Черные окна иллюминаторов, весь самолет дрыхнет, смешно открыв несколько десятков ртов.... Плед жестковат, ну ничего, сойдет...
...Двери редакции захлопнулись. Прохладный августовский вечер совсем не такой, как обычно, - мир изменился, в воздухе звенит волнительное и радостное предвосхищение, и вся летняя столичная суета на Пушкинской похожа на картонную декорацию, которая вот-вот упадет. Все стало полуреальным, ничего не значащим в сравнении с тем, что высвободилось и звало неизвестно куда. Меж домов загорается закат и на короткое мгновение вспыхивает сквозь дома, - как будто зовет со всех сторон. Куда?

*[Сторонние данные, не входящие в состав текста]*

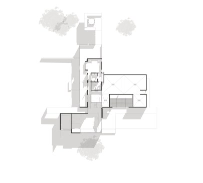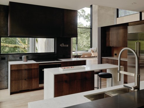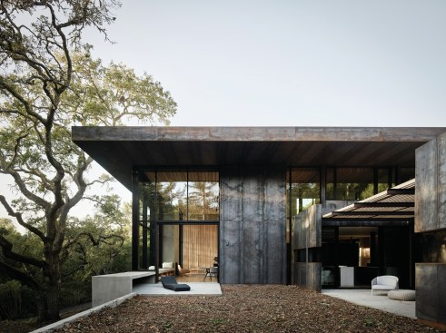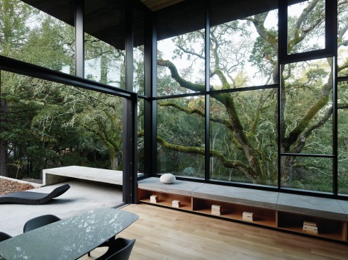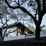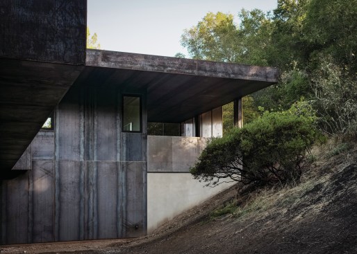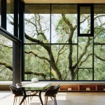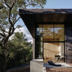 The clients are a couple of environmental scientists who, along with their two sons, relocated from the Oakland Hills to the warmer climate of Orinda. Their commitment to sustainability, including a request for net-zero energy performance annually, was evident in their thinking throughout the design process. A three-bedroom program began as a remodel of a 1954 ranch house at the foot of a hill next to a seasonal creek. After finding the existing structure and soils to be unsuitable, the direction settled on reusing the existing footprint under the shade of a Valley Oak that had grown up close to the original house. The surviving portion of the original house is the fireplace which was wrapped in concrete and utilized for structural support. This made additional grading unnecessary and allowed the new house to maintain the same intimate relation to the old oak.

Разрушилась мечта о революционной журналистике, поворачивающей вспять консервативные умы, взрывающей предрассудки, горящей духом новых идей, новых открытий... да с самого начала это было понятно, но я верила до последнего, закрывала глаза на очевидное - трусость это, конечно, но как признаться себе в том, что уже давно делаешь не то, что по-настоящему хочешь? Как открыть глаза и увидеть, что слился с безликой биомассой, как перестать катиться по накатанной и вылезти из этой смертельной воронки?...
- Уже Ашхабад?
Полусонная бреду по коридору, плюхаюсь в кресло. Три часа в транзитном зале, потом еще три часа полета, - через шесть часов я в Дели... Дели... как необычно, не могу поверить - "я лечу в Индию", ну надо же!.. и какая же свинья придумала эти дырявые голые металлические сидения в транзитном зале? Ни сесть, ни лечь... Подвесила бы за яйца того кретина, который придумал эти сиденья... битый час пытаюсь устроиться, одни кошмары в голову лезут.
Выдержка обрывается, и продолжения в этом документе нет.